When discussing IP protection, the discussions are often based around how software producers can protect their software from piracy and hacking once they’ve gone to market. Today, I wanted to share two common faux pas, both of them based on real scenarios which occurred ‘in-house’. They were easy and expensive mistakes to make – but could have been be avoided.
It’s my Software – No, it’s Mine!
A global reseller hired a software developer on a long term contractual basis. Over several years he had developed small but crucial software code and applications for use within the organisation. Within the code he included text lines stating he was the copyright owner and that all rights to the software belonged to him and could only be used with his expressed permission.
His contract of employment did not include any clauses which protected and assigned all intellectual property rights to employer.
The employer subsequently outsourced the IT department. The contractor sent a formal notice asserting his ownership of the software and offered the opportunity to pay him a significant amount of money to use the software and allow a third party to use the software on their behalf. You can imagine the fall-out that followed – it wasn’t pretty!

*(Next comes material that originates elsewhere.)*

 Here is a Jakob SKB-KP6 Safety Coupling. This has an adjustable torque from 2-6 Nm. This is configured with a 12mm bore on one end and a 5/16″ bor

The legal position in this matter can vary from one legal jurisdiction to another. In this case the employer settled (a substantial fee) with the contractor, were assigned ownership of the software and quickly changed their employment contracts for both all direct employees and contractors to ensure there was no ambiguity as to their ownership of any intellectual property developed on their behalf. They also ensured that they had processes in place to protect and copyright software developed in house. Check to make sure you have the necessary protection in your organisation. The company may have won if they had got litigious but the contractor chose his timing well and gambled they would settle quickly.
Oh **** I’ve been selling my software for years
In this case, a hardware manufacturer had been embedding software into their hardware offerings for years and had diligently included in their invoicing to customers a clear line item indicating they had sold specific items of software.

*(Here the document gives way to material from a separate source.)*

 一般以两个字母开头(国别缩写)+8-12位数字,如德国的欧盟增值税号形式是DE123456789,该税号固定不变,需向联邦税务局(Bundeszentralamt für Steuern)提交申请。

This was a case of shutting the stable door after the horse had bolted and depending on whose opinion you seek can be difficult to resolve. In most cases the end-customer is unaware of the situation and frankly not concerned. The value and uniqueness of the software may also not make it something that a third party can easily monetize. Seek legal opinion and also establish whether you can (or need to) use the monetization opportunity to launch a distinctly different product feel that could avoid or minimise any aggressive behaviour should a customer think they are the ‘owner’ of the IP.
Both scenarios are far from un-common and often need a pragmatic approach to overcome. Especially when you are just starting to move towards software offerings, it will help to have software experts on board from the start and to standardize software management processes across different product lines. Likewise, in both of the above cases, bringing Legal in early on could have helped to avoid these problems and getting it right from the start.